The governing principle
wise-validator is the validation orchestration service — contracts, health semantics, test execution, pass/fail interpretation, and result emission. Nothing more.
It answers:
- What is being validated? Repo
e2e/e2e.yml(or successor contract), health probe sets, validation profile selection. - When is the environment ready? Health polling rules, timeouts, partial failure semantics.
- How are tests run? Test command dispatch, output capture, exit code interpretation.
- Did it pass? Aggregate pass/fail, duration, error surfaces.
- Who needs to know? State Hub progress, CI artifacts, activity-core hooks.
- Where does it run?
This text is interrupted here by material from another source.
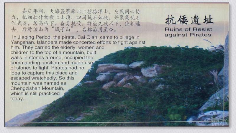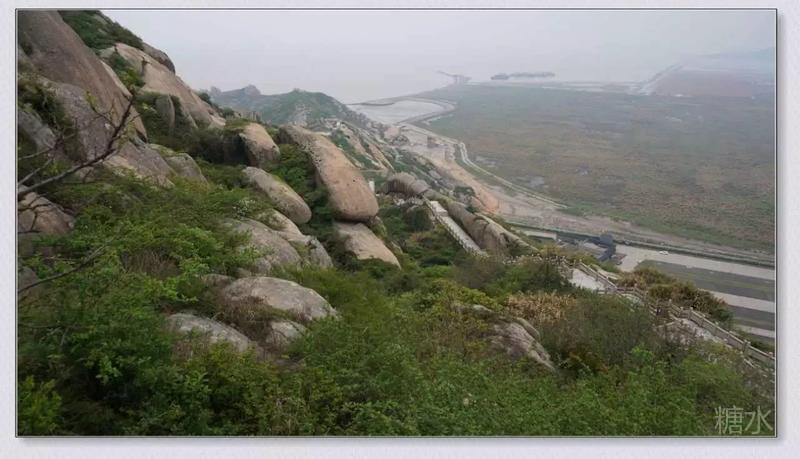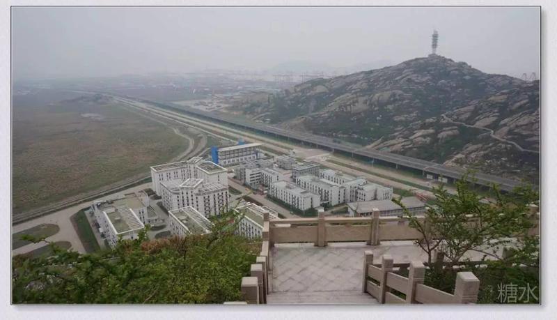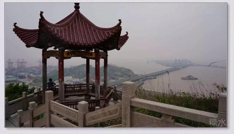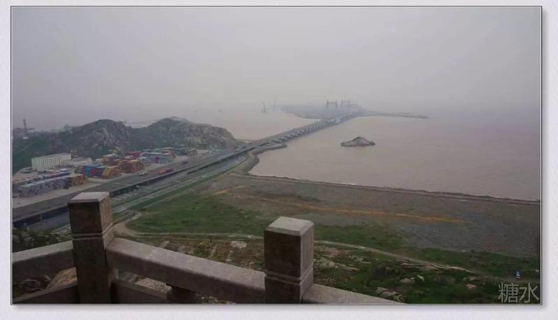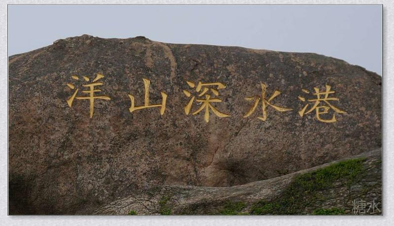 登上峰顶,“洋山深水港”五个金色的大字镌刻在巨石上,站在观景平台上,远眺横跨东海的大桥、俯瞰国际航运中心——洋山深水港区、近观坚固壮观的拦海大堤。

By requesting sand-boxer — not by provisioning hosts.
It must not become the sandbox provisioner, the agent harness, the code generator, the scheduler, work-state authority, tunnel/CA owner, or production deployer on Railiance01.
Coulomb sibling boundaries
sand-boxer — sandbox establishment
sand-boxer owns: Profiles, extensions, provision/teardown, placement, lifecycle registration.
wise-validator owns: Requesting profile.compose-e2e (or successors),
running validation inside the returned environment, releasing the sandbox
when the validation workflow completes (via sand-boxer destroy).
wise-validator sand-boxer
────────────── ──────────
resolve e2e.yml + validation profile → POST /v1/sandboxes
health-wait + test_command in env ← sandbox_id + reachability
POST result to State Hub / CI → destroy (per cleanup policy)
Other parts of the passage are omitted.